Completados dois anos do afastamento de Fernando Collor, há pelo menos duas fortes justificativas factuais para que o dia de ontem passasse sem atos rememorativos com alguma expressão –supondo a ocorrência dos inexpressivos, que nem destes alcancei conhecimento.
Não haveria como celebrar a vitória do movimento contra Collor sem haver uma só consequência judicial a ser mencionada. A morosidade do Judiciário é dos mais concretos lugares-comuns dos ressentimentos brasileiros em relação aos poderes do Estado. A impunidade não lhe fica atrás, se é que ainda não passou à frente.
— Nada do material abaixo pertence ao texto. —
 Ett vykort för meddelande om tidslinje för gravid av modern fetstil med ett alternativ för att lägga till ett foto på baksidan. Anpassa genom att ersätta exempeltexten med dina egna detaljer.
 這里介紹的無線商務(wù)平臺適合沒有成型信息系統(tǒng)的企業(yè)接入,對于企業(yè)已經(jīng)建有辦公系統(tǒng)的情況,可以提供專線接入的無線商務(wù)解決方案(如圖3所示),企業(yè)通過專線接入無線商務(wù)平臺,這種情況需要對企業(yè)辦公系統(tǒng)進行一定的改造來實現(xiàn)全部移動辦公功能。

Pois nem no caso excepcional do afastamento de um presidente e dos seus associados, com as implicações judiciais que os fatos exigiam, o alto Judiciário permitiu-se abrir também ele uma exceção, nas suas tradições lamentadas e no seu conceito generalizado.
O sentimento mais objetivo que o afastamento de Collor suscita, hoje em dia, é o de condenação do Poder Judiciário e, em particular, do Supremo Tribunal Federal, onde se arrastam –se é que de algum modo se movem– as peças principais dos vários inquéritos. Excluída a perda dos seus instrumentos de operação ilegal por Collor e seu grupo, o Poder Judiciário revelou-se o grande perdedor em todo o episódio. E nisso comprometeu ainda mais a já frágil idéia de que o Brasil vive em regime verdadeiramente constitucional e medianamente democrático. Onde o Poder Judiciário não exibe a prática da Justiça não há tal regime, sequer de maneira incipiente.
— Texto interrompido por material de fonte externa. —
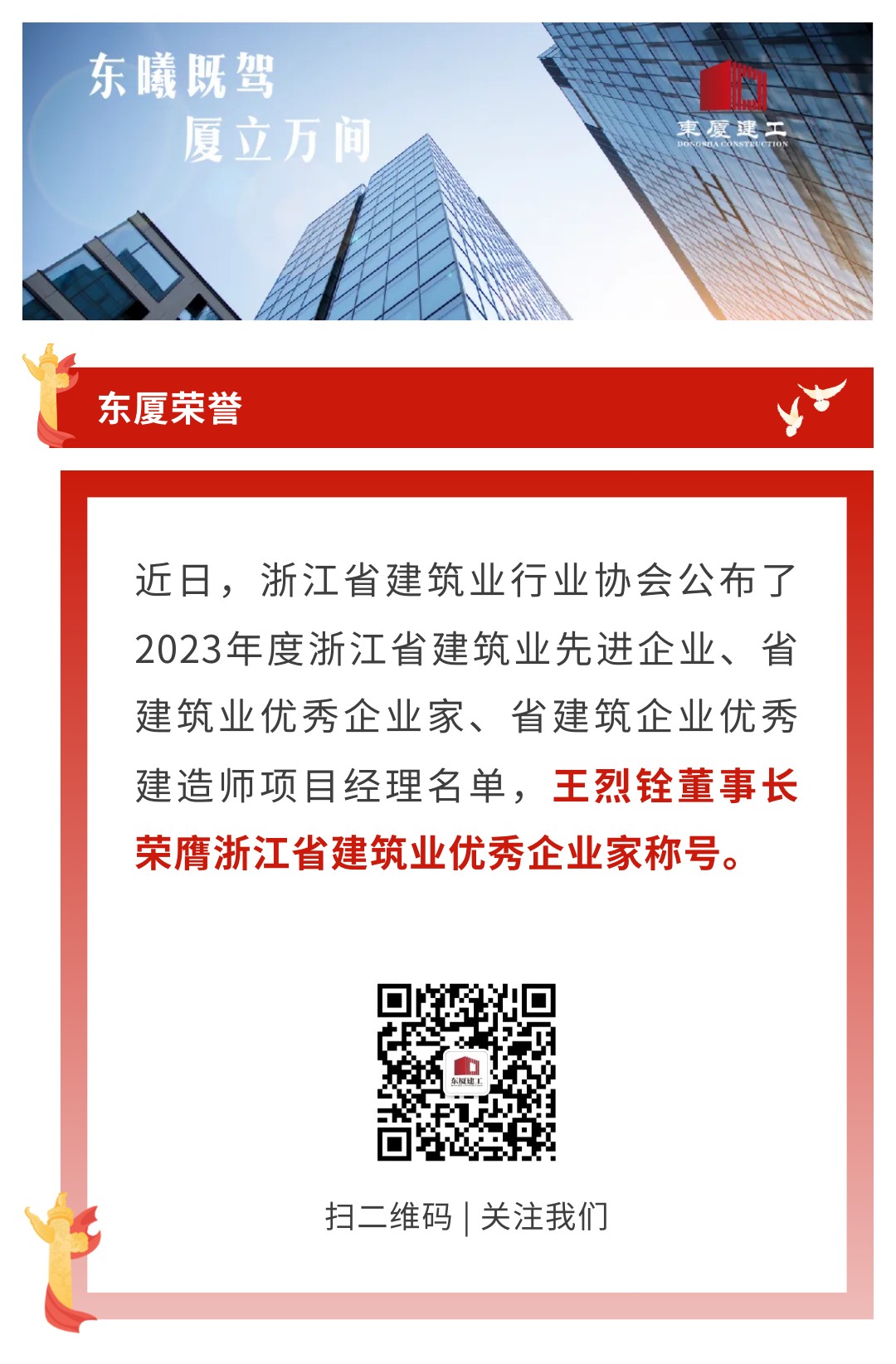 喜訊!王董事長(zhǎng)榮膺浙江省建筑業(yè)優(yōu)秀企業(yè)家稱號(hào)

Em contrapartida ao desgaste do alto Judiciário encontra-se uma vitória inconcebível ao tempo do impeachment: o esquema político de Collor, que tentou mantê-lo e ao seu grupo até os últimos recursos possíveis, os legítimos e os imorais, não sofreu sequer um arranhão. Isto já seria impensável em um regime de fundamentos constitucionais e democráticos. Não foi tudo, porém. O esquema preservou a sua posição dominante e, mais ainda, comprova-a e consolida-a na anunciada conquista da Presidência da República pela aliança em que é uma força fundamental.
Virada
O feito mais relevante destas eleições, até agora, é a virada de Cristovam Buarque na disputa pelo governo do Distrito Federal. Ao alcançar o segundo lugar nas intenções de voto, o brilhante ex-reitor da Universidade de Brasília faz mais do que se inscrever como provável disputante do segundo turno: derrota a dinheirama e a máquina acionadas pelo governador Joaquim Roriz em benefício de Valmir Campello e Maria de Lourdes Abadia, esta empurrada ainda pelos peessedebistas.
O empenho de Roriz para alijar Cristovam Buarque origina-se no risco, representado pelo candidato de oposição ao seu esquema, de inquéritos que devassem sua administração. E haveria muitos a fazer –além do que já há.